Kann mir da jemand helfen?

Gruß L.T.


----------



## StructuredTrash (7 Februar 2011)

Bei CX-Rechnern mit Win CE greife ich in solchen Fällen zur Holzhammer-Methode: CF-Karte aus dem Rechner nehmen und das Verzeichnis "Documents and Settings" komplett löschen. Anschliessend die Route neu anlegen.
Ich kenne die CP62xx nicht. Falls die eine Festplatte anstelle einer CF haben, wird der Ausbau des Laufwerks halt etwas aufwändiger.


----------



## trinitaucher (8 Februar 2011)

L.T. schrieb:


> Nachdem der Freerun im Systemmangager aktiviert war, ist mir mein PC abgestürzt. Seit dem komm ich nicht mehr auf die SPS.
> Twincat selbst belegt die Verbindung mit einem roten Kreuz beim Versuch sie als Verbindung zu selektieren.
> Der Systemmanager erkennt die SPS zwar, versuche ich die Steuerungs-Konfig zu übertragen, erscheint die Meldung "System in einem ungültigen Zustand".
> 
> Die SPS ist ein CP62... Panel mit Soft-SPS und Win-Ce.


Zum Verständnis:
Der CP62 ist dir abgestürzt (das Windows CE)? Oder dein Programmier-PC?
Auf welchem System wurde der "FreeRun" aktiviert?



StructuredTrash schrieb:


> Ich kenne die CP62xx nicht. Falls die eine  Festplatte anstelle einer CF haben, wird der Ausbau des Laufwerks halt  etwas aufwändiger.

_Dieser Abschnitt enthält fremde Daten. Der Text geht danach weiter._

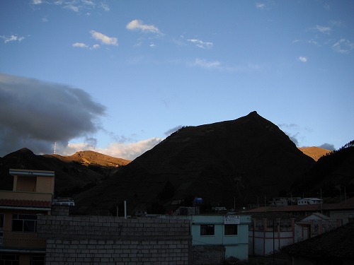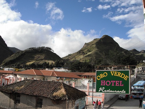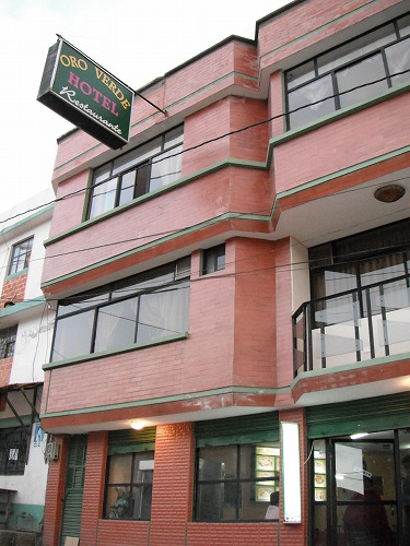 ズンバウア(Zumbahua)に6時前に到着。ホテル・オロ・ベルデ(Hotel Oro Verde)はガレージ付で1人6ドル。1階はレストランで夕飯1.5ドル。なかなかのディールです。

Man muss nicht unbedingt die CF oder HDD rausnehmen. Ins CE des  IPCs einloggen (z. B. mit CERHOST) und das gennante Verzeichnis löschen geht  meistens auch, sofern die TCP-Verbindung steht oder man mit Bildschirm und Maus dran ist (beim Panel praktisch  )


----------



## StructuredTrash (8 Februar 2011)

trinitaucher schrieb:
			
		

> Man muss nicht unbedingt die CF oder HDD rausnehmen. Ins CE des IPCs einloggen (z. B. mit CERHOST) und das gennante Verzeichnis löschen geht meistens auch, sofern die TCP-Verbindung steht oder man mit Bildschirm und Maus dran ist (beim Panel praktisch :wink: )


 
Wenn man die CF nicht so einfach entnehmen kann wie beim CX, ist das sicher eleganter. Ich selbst arbeite nicht so gern mit CERHOST, weil einige meiner Beckhoff-Bildschirme höhere Auflösungen als mein Laptop haben. Da sitzt der Start-Button dann irgendwo im Klappscharnier.


----------



## trinitaucher (8 Februar 2011)

StructuredTrash schrieb:


> ... weil einige meiner Beckhoff-Bildschirme höhere Auflösungen als mein Laptop haben. Da sitzt der Start-Button dann irgendwo im Klappscharnier.


Wofür gibt's Scroll Bars?


----------



## L.T. (8 Februar 2011)

Vielen Dank!

Es haben/hätten beide vorgeschlagenen Varianten funktioniert!

Gruß L.T.


----------



## StructuredTrash (8 Februar 2011)

trinitaucher schrieb:
			
		

> Wofür gibt's Scroll Bars?


 
Mein CERHOST hat keinen Scroll Bar. Habe ich vielleicht eine veraltete Version (2.03)?


----------



## Bitklopfer (9 Februar 2011)

*Cerhost 2.04*

Hallo StructuredTrash,
mein Cerhost ist 2.04
Gibts bei beckhoff unter http://infosys.beckhoff.com/content/1031/sw_os/html/cx1000_os_ce_remotedisplay.htm?id=966


----------